#### MATERIAL FOR THIS EXERCISE:
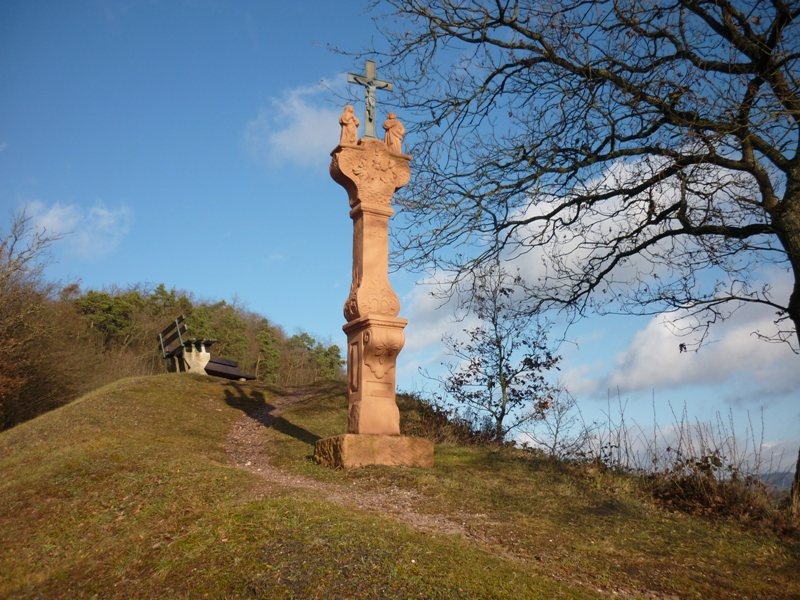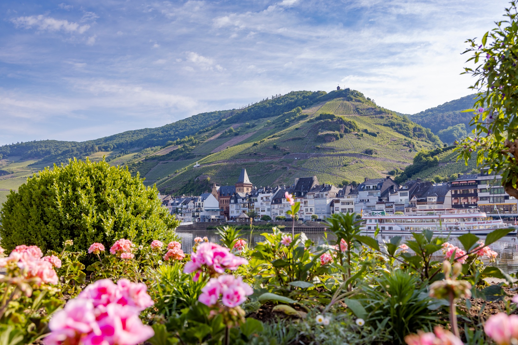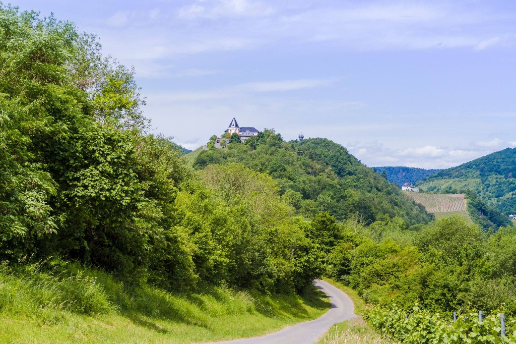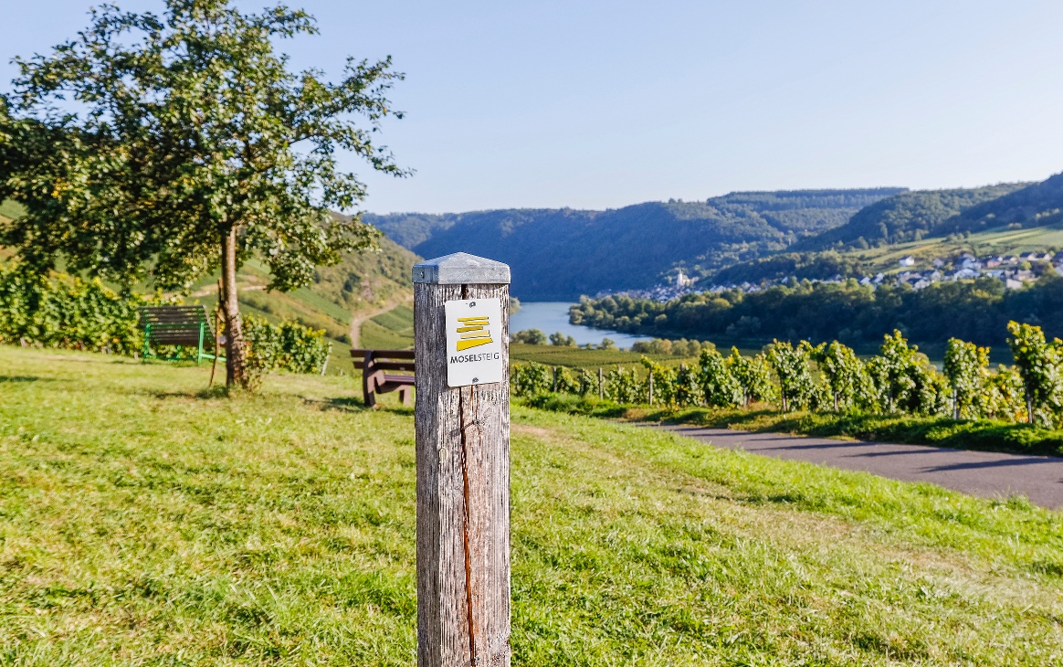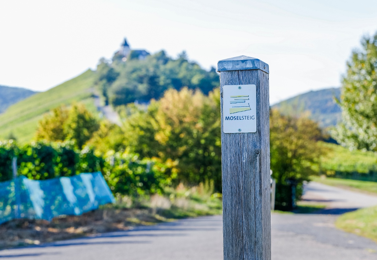 Am Reiler Bahnhof in der Kaiserstraße startet die Etappe. Die ersten Meter verläuft der Moselsteig auf der gleichen Trasse wie der Kanonenbahnweg, über das Gelände des Bahnhofs in eine ruhige Wohnstraße. Die führt dich zum Ortsrand, und nachdem du die Gleise überquert hast, geht es durch die Weinberge bergauf. Kreuzweg-Stationen begleiten den Weg. Auf dem Sattel des Reiler Halses erreicht der Moselsteig dann am Parkplatz eine Kapelle und ein Wegekreuz. Bänke laden hier nach dem Anstieg zu einer kurzen Verschnaufpause ein, und der Blick zurück auf Reil lohnt sich! Flussabwärts kannst du schon viele Zwischenziele der heutigen Etappe erkennen, etwa den Aussichtsturm auf dem Prinzenkopf oder die Marienburg.
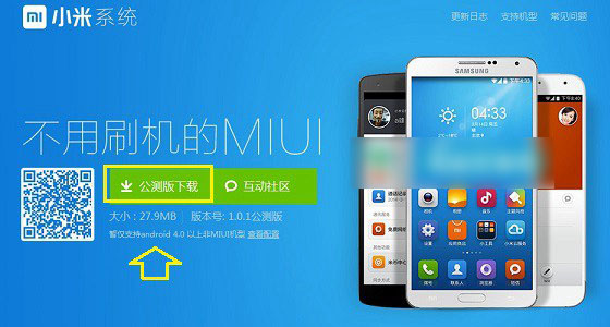 一、首先在手机中下载小米系统,大家可以直接通过扫描一下二维码下载;另外也可以直接点此进入小米系统网站下载,进入后,点击“公测版”下载即可,(本站也提供了小米系统公测版的下载,不想麻烦的朋友们可以直接点击该下载)如下图所示:
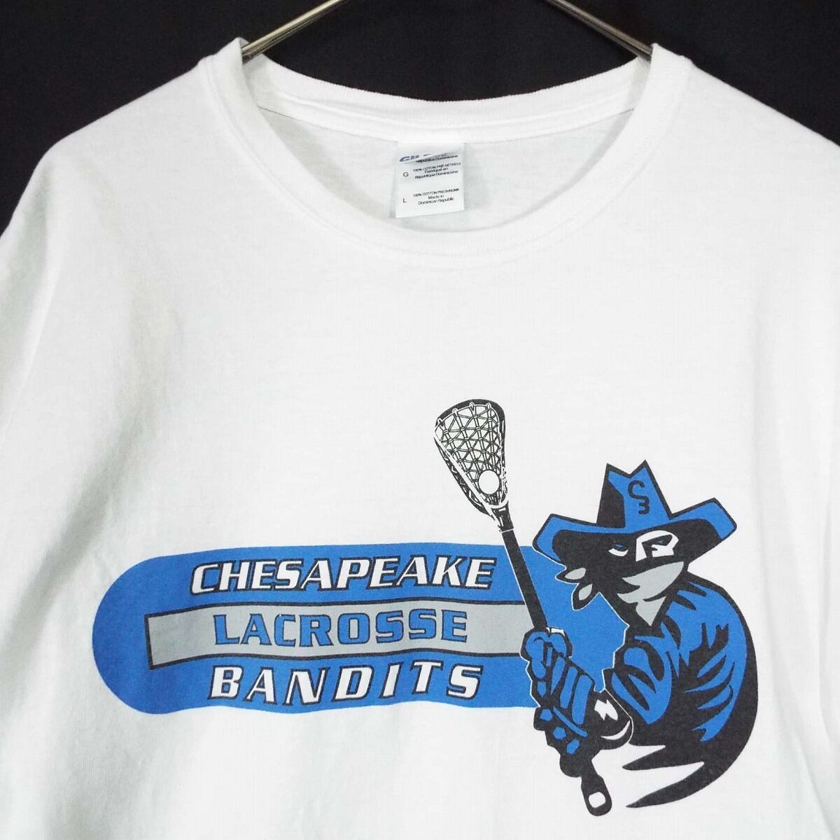 【肩幅51cm】【キャラクター】00年代 GILDAN CHESAPEAKE LACROSSE BANDITS リーム プリント 半袖Tシャツ Lサイズ ホワイト コットン100%【湘南倉庫】メンズ古着 17003193 白T
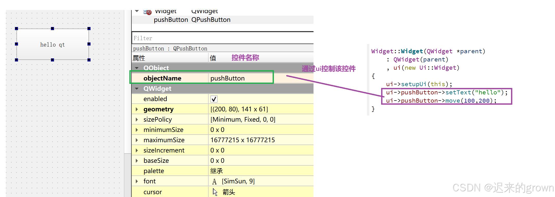 要通过代码来控制图形化界面创建的控件,就要使用到成员变量Ui::Widget *ui,使用图形化界面创建的控件都在ui指向的对象当中。
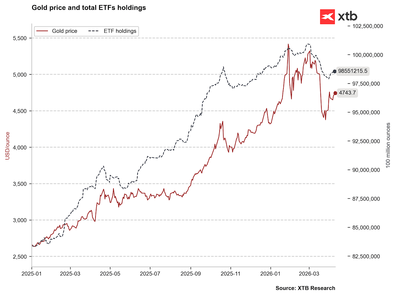 Od začátku března 2026 ETF zrychlily odprodej zlata, a to kvůli výběru zisků a taktickému přesunu do hotovosti. Za pozornost stojí, že velké množství hedge fondů výrazně navýšilo své pozice ve zlatě ve 4. čtvrtletí 2025, takže jejich prudký odchod v březnu je nejpravděpodobnějším vysvětlením nedávného cenového pohybu.
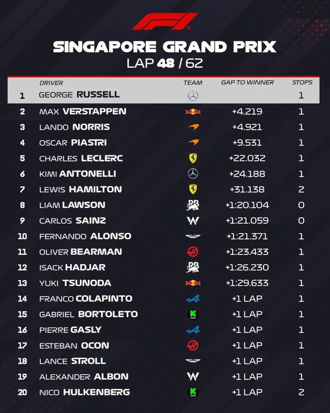 - 体育战报 | F1新加坡站正赛:拉塞尔杆位夺冠,维斯塔潘亚军,迈凯伦三四
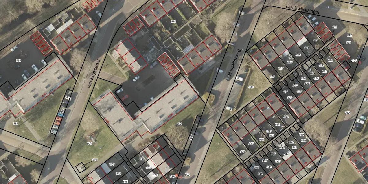 Het perceel waarop Hesselterweg 55 staat heeft een oppervlakte van 1492 m². Dit is een zeer groot perceel. De perceeloppervlakte wordt geregistreerd door het Kadaster. Gedetailleerde informatie over de maten van dit perceel kunt u vinden in het rapport Kadastrale kaart met maatvoering van Hesselterweg 55.
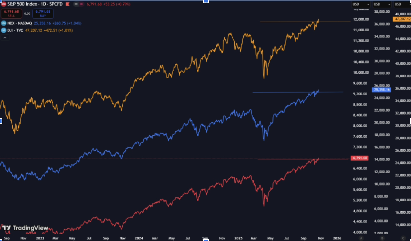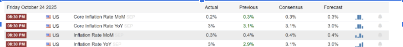 因此,因為9月CPI表現低於預期,再加上市場普遍押注聯準會即將降息,這兩大利好疊加,全球股市應聲上漲——標準普爾 500 指數、納斯達克 100 指數和道瓊工業指數均創下歷史新高!
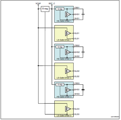 The integrated boost regulator provides sufficient gate charge for all PowerMOS down to a battery voltage of 6 V. All pre-drivers have dedicated connections with the MOSFET sources. The device offers programmability for a base gate output current via an external resistor. Moreover, via SPI, it is possible to select among 4 gate output current levels even while the application is running. All channels are protected against short circuit and the device is protected against overtemperature conditions. Moreover, the boost converter implements an over voltage protection to allow safe functionality of pre-drivers in all battery voltage conditions. During over voltage conditions, BST_C voltage is limited by temporarily switching off the boost regulator and pre-drivers are allowed to operate. Boost will be self re-enabled as soon as the output voltage decreases to an acceptable value.
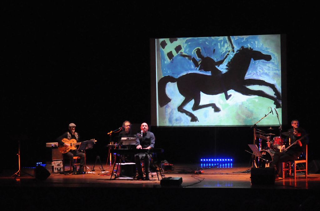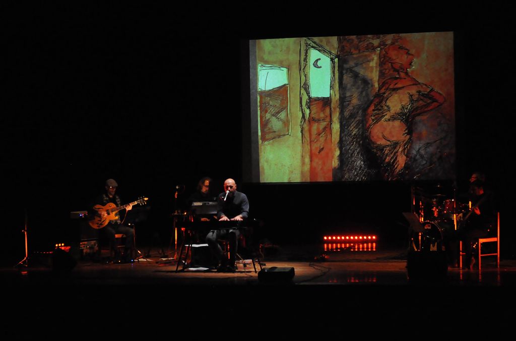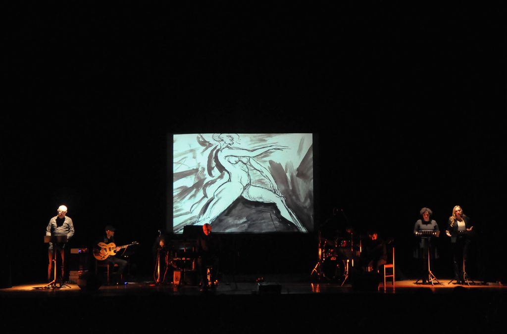 Le voci si impastano, l’immaginazione viene stimolata dalla proiezione delle tavole di Conte, artista della voce e della mano, in una serata per stare insieme in un teatro ritrovato, casa della poesia, della musica e del divertimento.
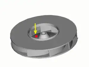 - Аккуратно просверлите небольшое отверстие в основании рабочего колеса, достаточное для прохода отвёртки.

#### WORK ORDER:
Starting at the first line of the listing above, write out each line exactly and nothing else until you reach the line containing "- 体育战报 | F1新加坡站正赛:拉塞尔杆位夺冠,维斯塔潘亚军,迈凯伦三四", which is included as well; omit all pictures.

#### RESPONSE AREA:
 Am Reiler Bahnhof in der Kaiserstraße startet die Etappe. Die ersten Meter verläuft der Moselsteig auf der gleichen Trasse wie der Kanonenbahnweg, über das Gelände des Bahnhofs in eine ruhige Wohnstraße. Die führt dich zum Ortsrand, und nachdem du die Gleise überquert hast, geht es durch die Weinberge bergauf. Kreuzweg-Stationen begleiten den Weg. Auf dem Sattel des Reiler Halses erreicht der Moselsteig dann am Parkplatz eine Kapelle und ein Wegekreuz. Bänke laden hier nach dem Anstieg zu einer kurzen Verschnaufpause ein, und der Blick zurück auf Reil lohnt sich! Flussabwärts kannst du schon viele Zwischenziele der heutigen Etappe erkennen, etwa den Aussichtsturm auf dem Prinzenkopf oder die Marienburg.
 一、首先在手机中下载小米系统,大家可以直接通过扫描一下二维码下载;另外也可以直接点此进入小米系统网站下载,进入后,点击“公测版”下载即可,(本站也提供了小米系统公测版的下载,不想麻烦的朋友们可以直接点击该下载)如下图所示:
 【肩幅51cm】【キャラクター】00年代 GILDAN CHESAPEAKE LACROSSE BANDITS リーム プリント 半袖Tシャツ Lサイズ ホワイト コットン100%【湘南倉庫】メンズ古着 17003193 白T
 要通过代码来控制图形化界面创建的控件,就要使用到成员变量Ui::Widget *ui,使用图形化界面创建的控件都在ui指向的对象当中。
 Od začátku března 2026 ETF zrychlily odprodej zlata, a to kvůli výběru zisků a taktickému přesunu do hotovosti. Za pozornost stojí, že velké množství hedge fondů výrazně navýšilo své pozice ve zlatě ve 4. čtvrtletí 2025, takže jejich prudký odchod v březnu je nejpravděpodobnějším vysvětlením nedávného cenového pohybu.
 - 体育战报 | F1新加坡站正赛:拉塞尔杆位夺冠,维斯塔潘亚军,迈凯伦三四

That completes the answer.